Questions about Dataloader and Dataset

chenyuntc · March 1, 2017, 9:19am

I run my dataloader like this:

dataset= ImageFolder('/home/x/data/pre/train/',
                      transform=transforms.Compose([transforms.Scale(opt.image_size),
                                              transforms.RandomCrop(opt.image_size) ,
                                              transforms.ToTensor(),
                                              transforms.Normalize([0.5]*3,[0.5]*3)
                                             ]))
 
dataloader=t.utils.data.DataLoader(dataset,opt.batch_size,True,num_workers=opt.workers)

but some images are corrupted, and it raised an error(an PIL error in default_loader: Image.open(path).convert('RGB')

my temporary fix is modifying /torchvision/datasets/folder.py Line 65 to

        try:
            img = self.loader(os.path.join(self.root, path))
        except Exception as e:
            index = index - 1 if index > 0 else index + 1 
            return self.__getitem__(index)

Is there a better way to solve this, i.e. modifying the code of dataloader to load another Image when exception or write a new loader.
or does it work if I simply return None when caught an exception?
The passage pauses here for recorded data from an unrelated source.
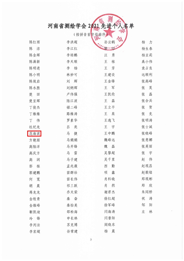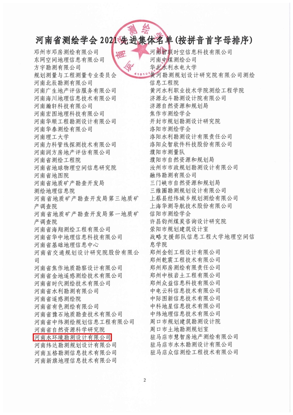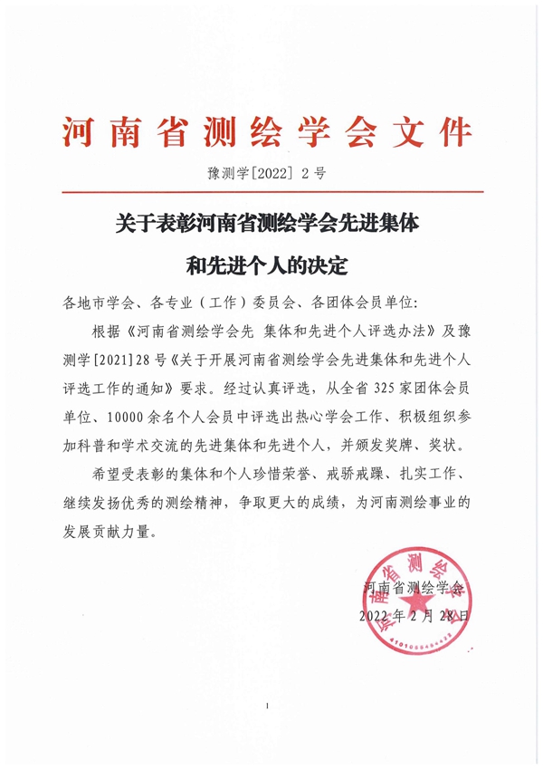 2月28日,我公司被河南省測繪學會評為河南省測繪學會先進集體榮譽稱號,公司范海波被評為先進個人,這充分說明了省測繪學會對我公司測繪工作的肯定,在今后的工作中,我們將繼續發揮測繪科技優勢,積極開拓市場,為開創新時期測繪工作新局面不懈努力!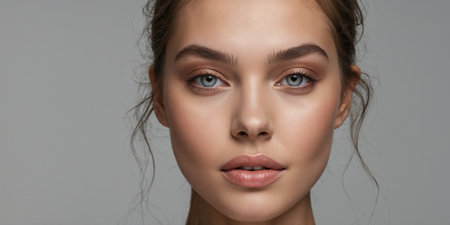 A beauty close-up featuring a woman with light, naturally shaped eyebrows, with soft makeup to enhance her facial features and a blurred background for focus.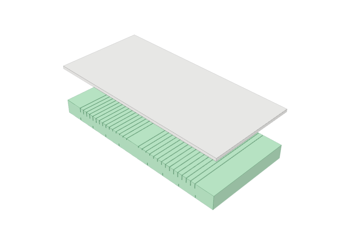 - 3 cm de viscoelástica con memoria (40 kg/m³) para una mejor adaptación al cuerpo.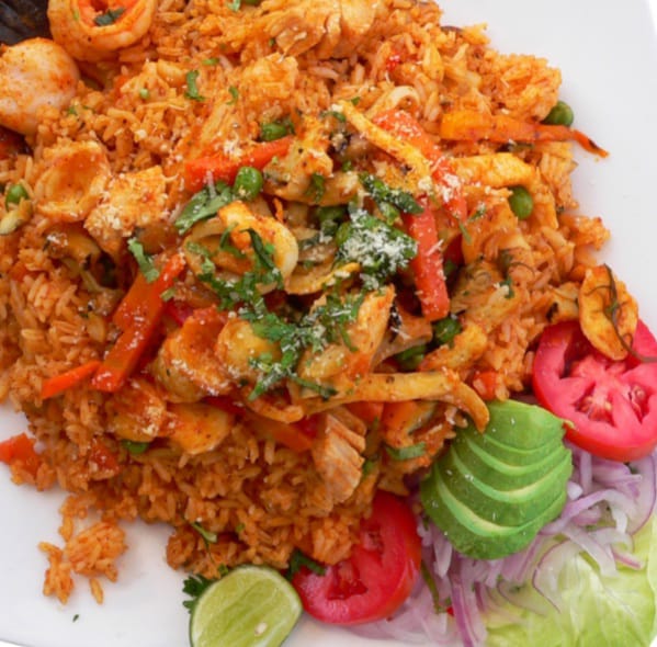 Arroz con mariscos, acompañado de patacón o papa a la francesa, consomé y guarapo.

smth · March 1, 2017, 11:45am

you can look at the default_collate function if it handles None or not.
Or you can give a custom collate function to your DataLoader which will handle None:

github.com

pytorch/pytorch/blob/master/torch/utils/data/dataloader.py#L32


_use_shared_memory = False
"""Whether to use shared memory in default_collate"""




class ExceptionWrapper(object):
"Wraps an exception plus traceback to communicate across threads"


def __init__(self, exc_info):
    self.exc_type = exc_info[0]
    self.exc_msg = "".join(traceback.format_exception(*exc_info))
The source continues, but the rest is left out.